The hastily scribbled answer can be seen below, with each of the answers boxed in succession down the screen.

By simply dividing 2000 by 11, we find out how many integers between 1 and 2000 are evenly divisible by 11. In other words, we ask how many multiples of 11 can fit between 1 and 2000. When we want to eliminate the multiples of 3, that's when the least common multiple comes in. We already have the answer for all numbers divisible by 11, but how to eliminate those also divisible by 3? By first asking what number divisible by 11 are also divisible by three, we arrive at an answer. The first number divisible by both is 33, or 3 X 11. Then next is 66, and then 99, and so on, (if you're working it out by hand, it's easier to count by 11's than 3's). As it turns out, only multiples of the least common multiple (LCM) of 3 and 11, (33), are divisible by both 3 and 11. Now, we just need to figure out how many copies of numbers divisible by 33 are between 1 and 2000, and then subtract that number from the total number of integers divisible by 11 we calculated earlier to get the answer to the 'divisible by 11, but not 3' question.

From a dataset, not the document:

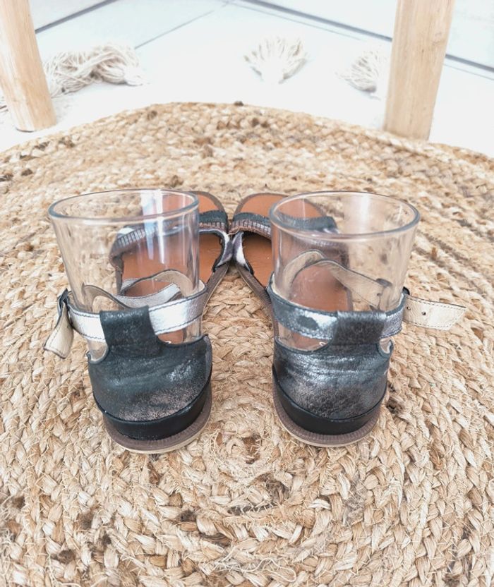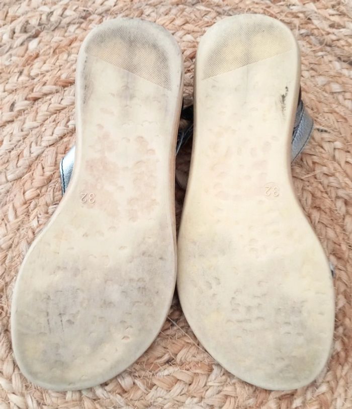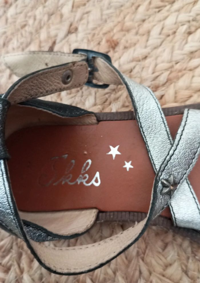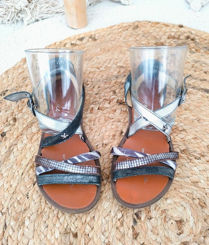 #loulaliechaus32 dans la recherche pour voir mes chaussures en t.32 sandales IKKS T.32 , lanières cuir argentées irisées et fausse fourrure zébré , semelle intérieure cuir.

The divisible by 6, but not 4 questions is similar. In this case, the lowest common multiple of 6 and 4, in other words, the smallest number they'll both divide evenly, is 12. By removing all the numbers divisible by 12 from 1 to 2000 from the count of integers between 1 and 2000 that are divisible by 6, we wind up with the answer to "How many integers between 1 and 2000 are divisible by 6, but not by 4?"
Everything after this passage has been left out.